On Saturday, I just upgraded my SpamAssassin to the latest release (3.2.1). For a few weeks, more and more bad emails were not properly tagged as “spam”.
The upgrade went smoothly as usual but, a few hours later, my /var file system was fulfilled by the MTA logfiles. Thousands of errors like:
Jul 2 10:00:08 boogey spamd[6426]: Malformed UTF-8 character (unexpected \ non-continuation byte 0x00, immediately after start byte 0xce) in pattern match \ (m//) at /etc/mail/spamassassin/drugads.cf, rule LOCAL_OBFU_EPHEDRA, line 1.
It seems to be a known bug! As recommended, I also upgrade my HTML::Parser perl module. Still the same problem!

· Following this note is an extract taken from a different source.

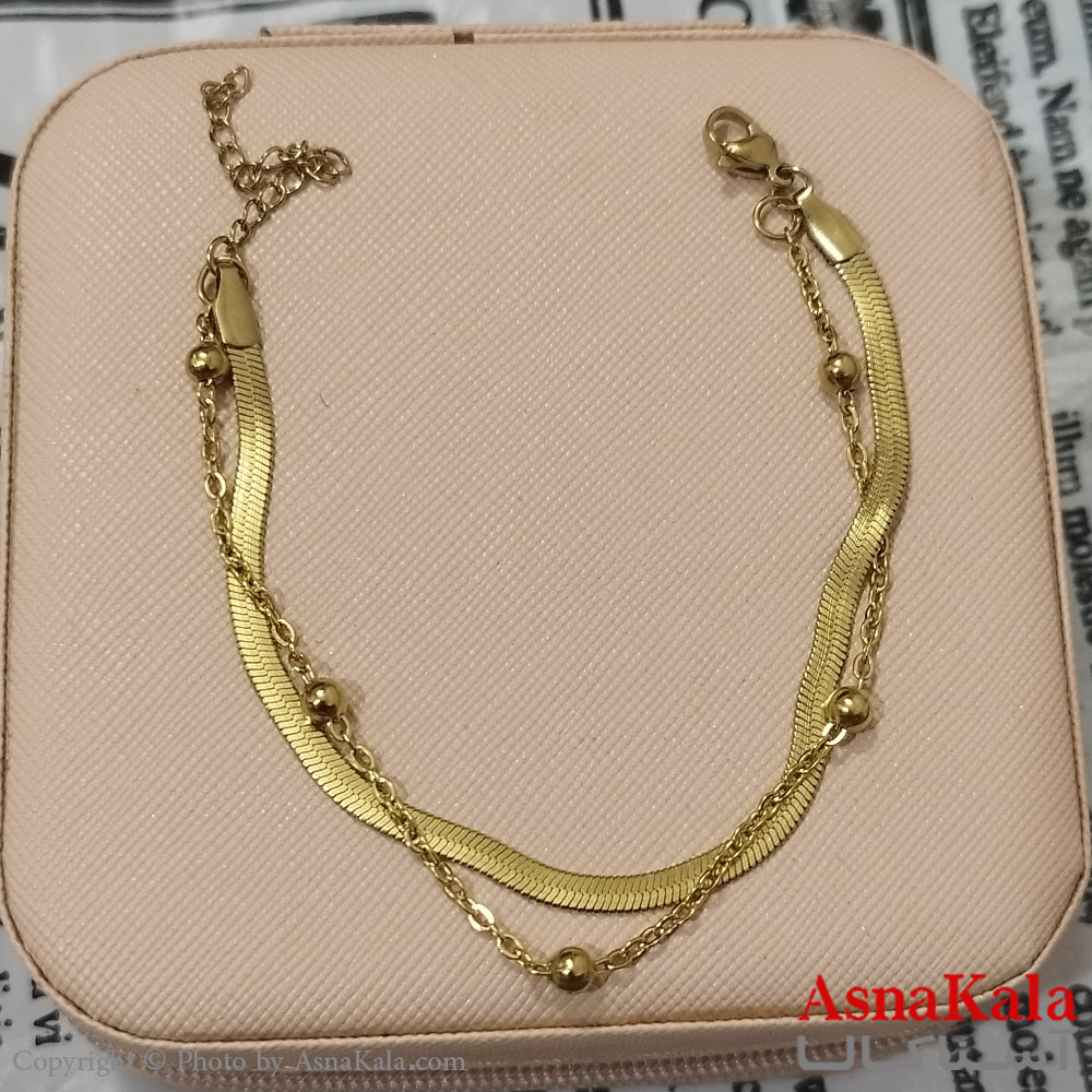دستبند زنانه زنجیری دولاین ماری و توپی رنگ طلایی کد DSB181698W

In fact, I had to patch my Perl (my system has 5.8.6). The patch was provided in the SpamAssassin bug report:
# cat perl-5.8.6-utf8.patch --- utf8.c.orig 2005-12-15 08:06:59.000000000 -0600 +++ utf8.c 2005-12-15 08:06:32.000000000 -0600 @@ -1976,7 +1976,7 @@ if (u1) to_utf8_fold(p1, foldbuf1, &foldlen1); else { - natbuf[0] = *p1; + uvuni_to_utf8(natbuf, (UV) NATIVE_TO_UNI(((UV)*p1))); to_utf8_fold(natbuf, foldbuf1, &foldlen1); } q1 = foldbuf1; @@ -1986,7 +1986,7 @@ if (u2) to_utf8_fold(p2, foldbuf2, &foldlen2); else { - natbuf[0] = *p2; + uvuni_to_utf8(natbuf, (UV) NATIVE_TO_UNI(((UV)*p2))); to_utf8_fold(natbuf, foldbuf2, &foldlen2); } q2 = foldbuf2;
Since I restarted spamd with the new Perl, no more error!